Re: [PATCH v11 0/6] mm / virtio: Provide support for unused page reporting

Alexander Duyck <alexander.h.duyck@xxxxxxxxxxxxxxx> · Mon, 07 Oct 2019 08:33:04 -0700

On Mon, 2019-10-07 at 08:29 -0400, Nitesh Narayan Lal wrote:
> On 10/2/19 10:25 AM, Alexander Duyck wrote:
> 
> [...]
> > > > My suggestion would be to look at reworking the patch set and
> > > > post numbers for my patch set versus the bitmap approach and we can
> > > > look at them then.
> > > Agreed. However, in order to fix an issue I have to reproduce it first.
> > With the tweak I have suggested above it should make it much easier to
> > reproduce. Basically all you need is to have the allocation competing
> > against hinting. Currently the hinting isn't doing this because the
> > allocations are mostly coming out of 4K pages instead of higher order
> > ones.
> > 
> > Alternatively you could just make the suggestion I had proposed about
> > using spin_lock/unlock_irq in your worker thread and that resolved it
> > for me.
> > 
> > > >  I would prefer not to spend my time fixing and
> > > > tuning a patch set that I am still not convinced is viable.
> > > You  don't have to, I can fix the issues in my patch-set. :)
> > Sounds good. Hopefully the stuff I pointed out above helps you to get
> > a reproduction and resolve the issues.
> 
> So I did observe a significant drop in running my v12 path-set [1] with the
> suggested test setup. However, on making certain changes the performance
> improved significantly.
> 
> I used my v12 patch-set which I have posted earlier and made the following
> changes:
> 1. Started reporting only (MAX_ORDER - 1) pages and increased the number of
>     pages that can be reported at a time to 32 from 16. The intent of making
>     these changes was to bring my configuration closer to what Alexander is
>     using.

The increase from 16 to 32 is valid. No point in working in too small of
batches. However tightening the order to only test for MAX_ORDER - 1 seems
like a step in the wrong direction. The bitmap approach doesn't have much
value if it can only work with the highest order page. I realize it is
probably necessary in order to make the trick for checking on page_buddy
work, but it seems very limiting.

> 2. I made an additional change in my bitmap scanning logic to prevent acquiring
>     spinlock if the page is already allocated.

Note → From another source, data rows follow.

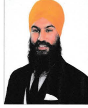
Jagmeet Singh NDP+NPD

सहयात्रा क्यानडा ले आयोजना गरेको ५६औं र ५७औं अन्तर्राष्ट्रिय जातीय एवं रंगभेद विरुद्धको दिवस (International Day for the Elimination of Racial Discrimination) २१ मार्चको अवसरमा New Democratic Party, Canada का प्रमुख तथा माननीय सांसद जगमित सिंहले शुभकामना दिनुका साथै नेपाल लगायत दक्षिण एसियामा रहेको जातीय विभेद विरुद्धको सवालमा आफू र आफ्नो दलको ऐक्यबद्धता रहेको एक भिडियो सन्देश र तथा लिखित सन्देश दिनुभएको थियो । सहयात्राले क्यानडाबाट राजनीतिक रूपमा जातीय विभेद विरुद्धको सवाल उठान गरिएकोमा माननीय सांसद सिंह तथा उहाँको राजनीतिक दललाई धन्यवाद व्यक्त गर्नुभएको थियो ।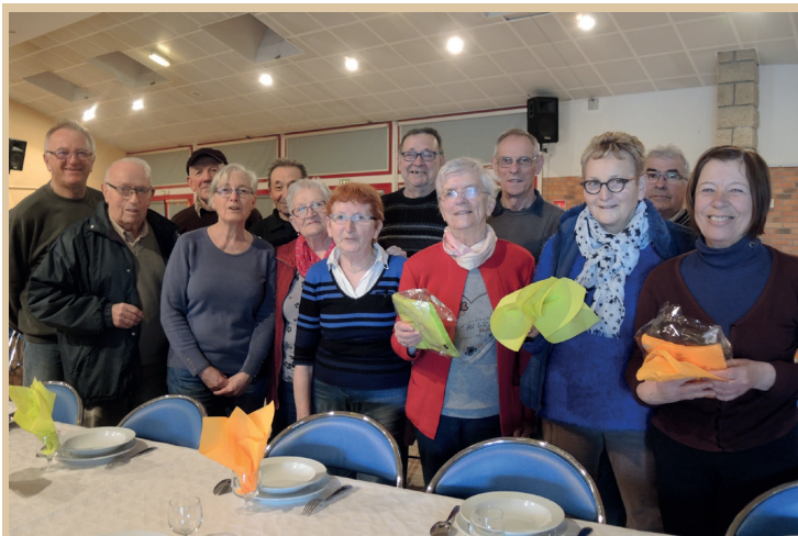
Le président et les membres du bureau remercient l'équipe de bénévoles qui a préparé et servi le "Repas jambon à l'os" du mars 4 mars 2018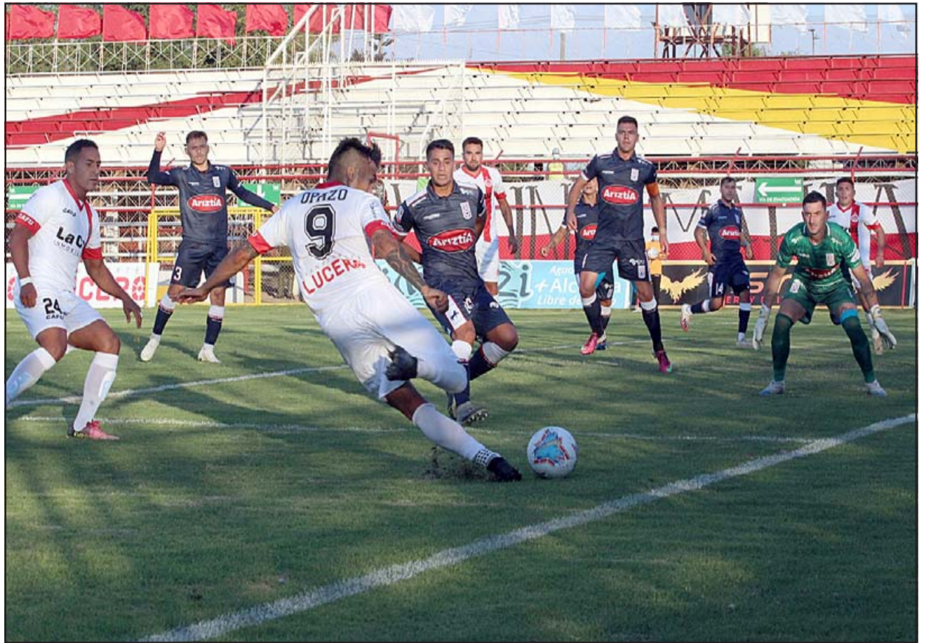
Según un exfuncionario de Deportes Melipilla, en el juego de revancha por el ascenso hubo jugadores del Uní Uní que fueron para atrás.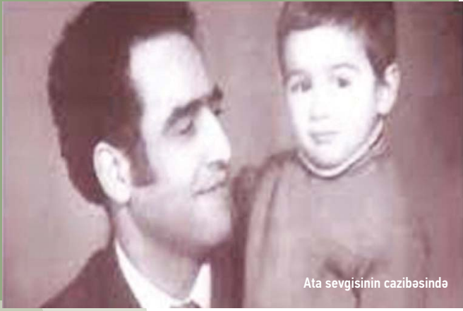
Ata sevgisinin cazibəsində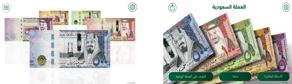
شكل رقم (٥) يوضح تطبيق المملكة العربية السعودية SAMA.

يعد تطبيق "العملة السعودية"، أداة تفاعلية للتعرف على الإصدار السادس من الأوراق النقدية السعودية، ويتيح هذا التطبيق للمستخدمين التعرف على العلامات الأمنية في الإصدار السادس من الأوراق النقدية الجديدة الذي تم طرحه للتداول في عام ٢٠١٧م. ويوضح بطريقة تفاعلية كيفية استجابة العلامات الأمنية عند إمالة الورقة النقدية، أو تسليط الضوء عليها، أو عند استخدام عدسة مكبرة، كما بالشكل رقم (٥). (٧)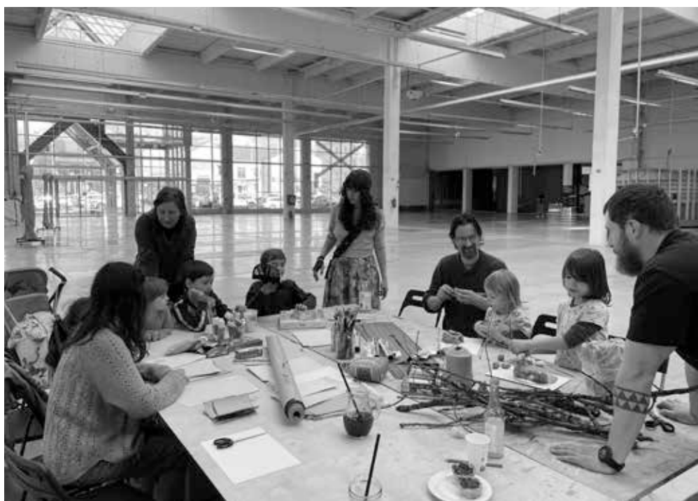
▲ PLATO-Bauhaus, workshopy pro děti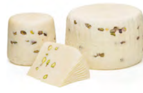
LCV03 FORMAGGIO CON PISTACCHIO (Pistache) 1KG LA CAVA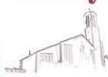
St. Peter Petersberg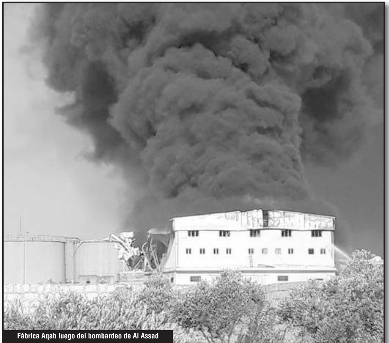
Fábrica Aqab luego del bombardeo de Al Assad

Inmediatamente después, los obreros se reunieron en asamblea y no decidieron ni aceptar las condiciones miserables de trabajo y el bajo salario, ni la amenaza del gerente, y vieron que necesitaban una solución, la cual estaba solo en sus propias manos.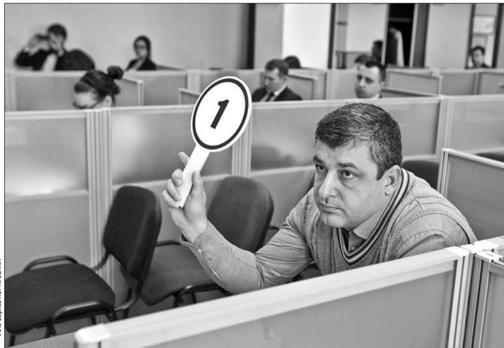
Вчора з молотка пішло право на оренду ділянки площею 0,25 га за адресою: вулиця Луначарського, 24-а, що в Дніпровському районі столиці

відсутній детальний план території (ДПТ). «Таким чином ця ділянка вже мала ДПТ, решта — ні. З точки зору містобудування — це слушна ідея, але для того, щоб зробити детальний план всього Києва, потрібно 1 млрд грн. Таких коштів в бюджеті міста нема», — додав пан Резніков.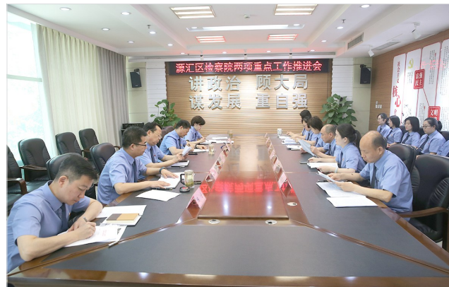
召开专题会议,研究降低“案-件比”和提高认罪认罚从宽制度适用率方法。

Again, not a fan. It basically means you can only work with MAX_ORDER - 1
and there will be no ability to work with anything smaller.

> 
> Setup:
> On a 16 vCPU 30 GB single NUMA guest affined to a single host NUMA, I ran the
> modified will-it-scale/page_fault number of times and calculated the average
> of the number of process and threads launched on the 16th core to compare the
> impact of my patch-set against an unmodified kernel.
> 
> 
> Conclusion:
> %Drop in number of processes launched on 16th vCPU =     1-2%
> %Drop in number of threads launched on 16th vCPU     =     5-6%

These numbers don't make that much sense to me. Are you talking about a
fully functioning setup that is madvsing away the memory in the
hypervisor? If so I would have expected a much higher difference versus
baseline as zeroing/faulting the pages in the host gets expensive fairly
quick. What is the host kernel you are running your test on? I'm just
wondering if there is some additional overhead currently limiting your
setup. My host kernel was just the same kernel I was running in the guest,
just built without the patches applied.

> Other observations:
> - I also tried running Alexander's latest v11 page-reporting patch set and
>   observe a similar amount of average degradation in the number of processes
>   and threads.
> - I didn't include the linear component recorded by will-it-scale because for
>   some reason it was fluctuating too much even when I was using an unmodified
>   kernel. If required I can investigate this further.
> 
> Note: If there is a better way to analyze the will-it-scale/page_fault results
> then please do let me know.

Honestly I have mostly just focused on the processes performance. There is
usually a fair bit of variability but a pattern forms after a few runs so
you can generally tell if a configuration is an improvement or not.

> Other setup details:
> Following are the configurations which I enabled to run my tests:
> - Enabled: CONFIG_SLAB_FREELIST_RANDOM & CONFIG_SHUFFLE_PAGE_ALLOCATOR
> - Set host THP to always
> - Set guest THP to madvise
> - Added the suggested madvise call in page_fault source code.
> @Alexander please let me know if I missed something.

This seems about right.

> The current state of my v13:
> I still have to look into Michal's suggestion of using page-isolation API's
> instead of isolating the page. However, I believe at this moment our objective
> is to decide with which approach we can proceed and that's why I decided to
> post the numbers by making small required changes in v12 instead of posting a
> new series.
> 
> 
> Following are the changes which I have made on top of my v12:
> 
> page_reporting.h change:
> -#define PAGE_REPORTING_MIN_ORDER               (MAX_ORDER - 2)
> -#define PAGE_REPORTING_MAX_PAGES               16
> +#define PAGE_REPORTING_MIN_ORDER              (MAX_ORDER - 1)
> +#define PAGE_REPORTING_MAX_PAGES              32
> 
> page_reporting.c change:
> @@ -101,8 +101,12 @@ static void scan_zone_bitmap(struct page_reporting_config
> *phconf,
>                 /* Process only if the page is still online */
>                 page = pfn_to_online_page((setbit << PAGE_REPORTING_MIN_ORDER) +
>                                           zone->base_pfn);
> -               if (!page)
> +               if (!page || !PageBuddy(page)) {
> +                       clear_bit(setbit, zone->bitmap);
> +                       atomic_dec(&zone->free_pages);
>                         continue;
> +               }
> 

I suspect the zone->free_pages is going to be expensive for you to deal
with. It is a global atomic value and is going to have the cacheline
bouncing that it is contained in. As a result thinks like setting the
bitmap with be more expensive as every tome a CPU increments free_pages it
will likely have to take the cache line containing the bitmap pointer as
well.

> @Alexander in case you decide to give it a try and find different results,
> please do let me know.
> 
> [1] https://lore.kernel.org/lkml/20190812131235.27244-1-nitesh@xxxxxxxxxx/
> 
> 

If I have some free time I will take a look. However one thing that
concerns me about this change is that it will limit things much further in
terms of how much memory can ultimately be freed since you are now only
working with the highest order page and that becomes a hard requirement
for your design.